Tra i boia sembra esserci anche un francese, il cui nome di battaglia sarebbe, secondo gli jihadisti, Abdallah al-Faransi.
All’undicesimo minuto sembra tutto finito. Soprattutto sembra conclusa l’agonia dei soldati siriani. Titoli che sembrano di coda. Altre scene di propaganda appaiono allo schermo. Combattenti dell’ISIS, bandiere, minacce. No, non è finita. Appare un’altra immagine. Kassig, la testa di Kassig ormai decapitato ai piedi del boia. Parla, parla il boia.
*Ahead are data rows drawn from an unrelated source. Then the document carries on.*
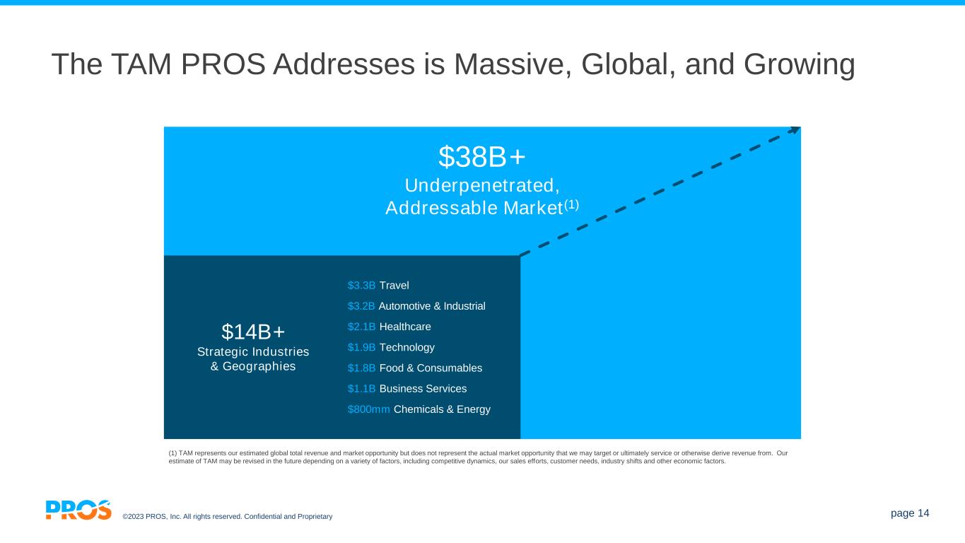 ©2023 PROS, Inc. All rights reserved. Confidential and Proprietary page 13 The Power of AI Driving Measurable Business Outcomes 400% ROI in 3 years Payback in 9 months & Source: Forrester Total Economic Impact Report, 2023 +8% Revenue Uplift +200 bp Margin Improvement +67% Efficiency Gain Source: PROS study of 131 customers’ self-reported results, 2022 Our customers have said… Industry experts have said…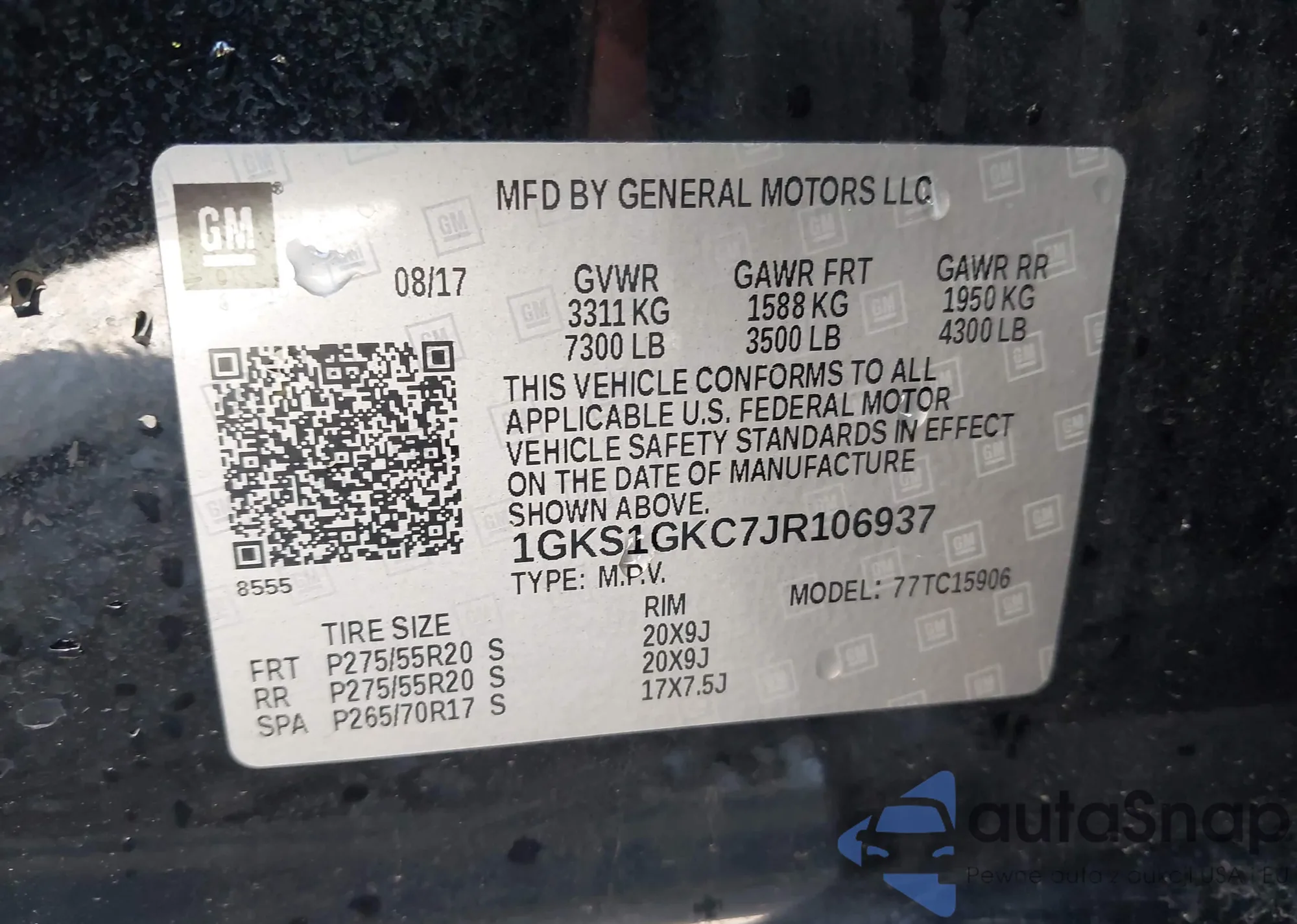 VIN: 1GKS1GKC7JR106937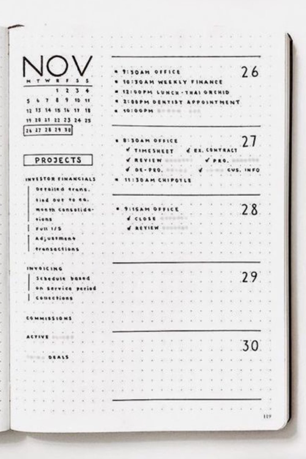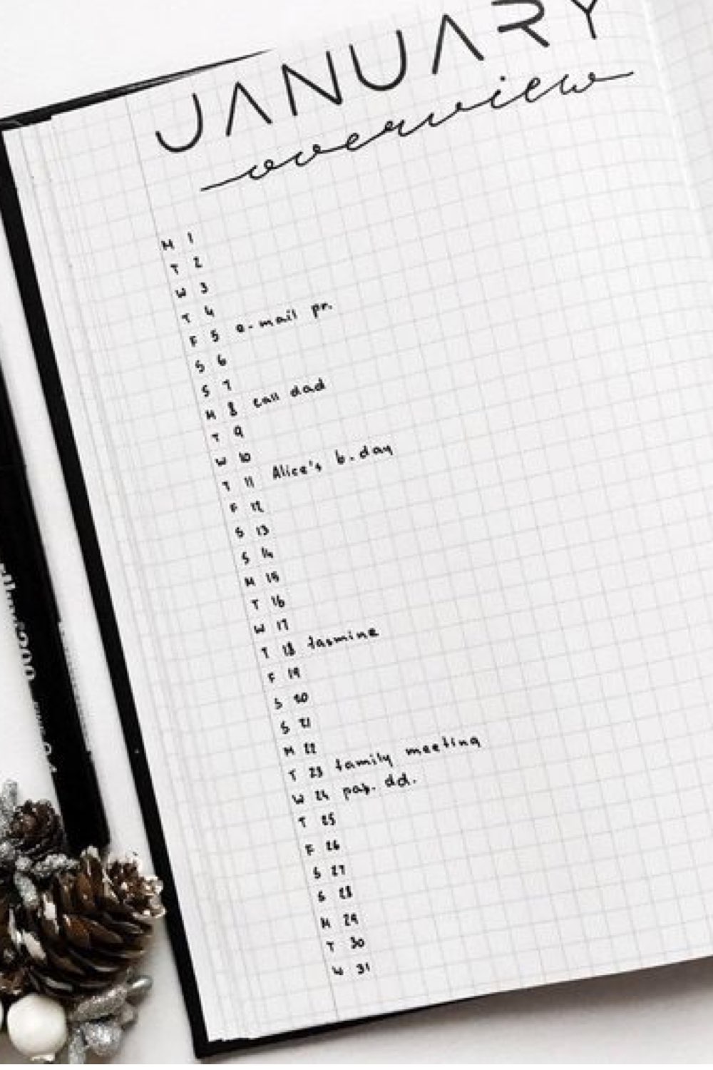 debuter bullet journal conseils agenda mensuel page minimaliste gain de temps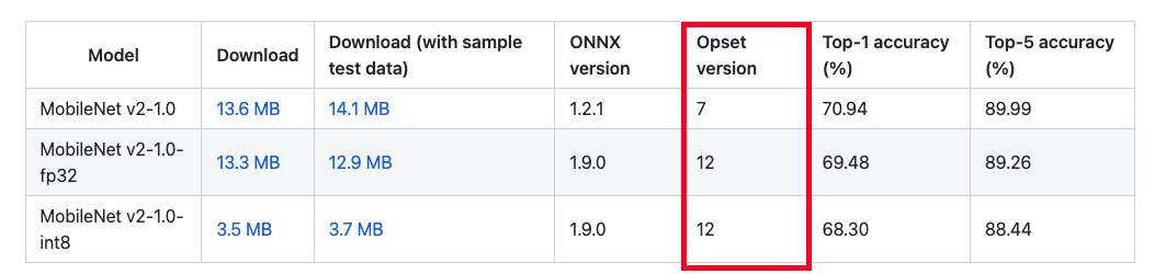 💡 공식사이트에서 제공해 주는 모델들을 확인하면 ‘Opset(Operator Sets) Version’이 있는 것을 확인할 수 있습니다.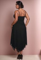 Questo abito nero è l'epitome dell'eleganza moderna, con un taglio aderente che esalta le curve generose. Lo spacco laterale scopre sottilmente la gamba, creando quel look sofisticato che caratterizza gli outfit da cocktail di successo.

Non c’è bisogno di capire ma manda un altro messaggio al Presidente statunitense Obama, definendolo “il cane di Roma”.
Anche l’agonia del giovane Kassig è finita. Non sappiamo quando ma è finita come sono finite le speranze della sua famiglia.
Un mujaheddin cammina con la bandiera nera dell’ISIS. Nell’altra imbraccia un fucile.